Kant scheint in seinem Denken geprägt von Furcht vor Revolte und Anarchie und misst der Sicherheit des Staates große Bedeutung zu. Sein Aufsatz wurde oft abwertend als Spiegelbild der preußischen Staatsaufklärung bezeichnet. Kritik liegt auch nahe. Denn in Kants Entwurf gibt es keinerlei verfassungsmäßige Garantien, dass der Monarch die von den Bürgern angestoßenen Reformideen auch umsetzt. Somit sind die Bürger angewiesen auf einen wohlwollenden und aufgeklärten Monarchen. Kant bestätigt also scheinbar eine undemokratische und paternalistische Regierungsform, welche eigentlich im Widerspruch zu den Ideen der Aufklärung steht. Zur Erklärung lässt sich Kants Prägung durch den preußischen Staat anführen. Denn dieser war einerseits zu Kants Zeit unter Friedrich I. und Friedrich II. für damalige Verhältnisse sehr modern und liberal.

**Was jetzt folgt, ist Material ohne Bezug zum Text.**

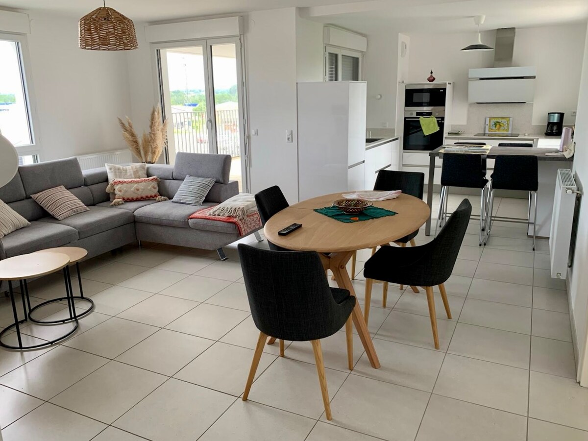 Kom en ontspan in een gloednieuw appartement tussen Bordeaux en de oceaan! Modern, licht en comfortabel appartement. Beveiligde gezinswoning, genummerde privéparkeergelegenheid, balkon. 20 min van het centrum van Bordeaux met de auto en 35 min van de oceaan en paradijselijke meren. De accommodatie ligt op 10 minuten rijden van de luchthaven, op 5 minuten van de bypass, 30 minuten van het treinstation en recht voor een trainingsstadion, ideaal voor sporters.

Andererseits bestanden aber „preußischen Tugenden“ wie Gehorsamkeit, Obrigkeitshörigkeit und Pflichterfüllung weiter und übten großen Einfluss auf die Gesellschaft (und wohl auch auf Kant selber) aus.
Die Frage „Leben wir jetzt in einem aufgeklärten Zeitalter?“ verneint Kant, aber man lebe jetzt in einem Zeitalter der Aufklärung. Besonders in „Religionsdingen“ seien die meisten Menschen noch sehr weit davon entfernt sich selbst ihres Verstandes ohne fremde Leitung zu bedienen. Allerdings gebe es doch auch deutliche Anzeichen dafür, dass die allgemeine Aufklärung voranschreite.
Literatur
- Ehrhard Bahr (Hrsg.): Was ist Aufklärung? Thesen und Definitionen. Kant, Erhard, Hamann, Herder, Lessing, Mendelssohn, Riem, Schiller, Wieland. ISBN 3-15-009714-2
- Höffe, Otfried. (2004). Immanuel Kant, 6. überarbeitete Auflage. Verlag C.H. Beck, München.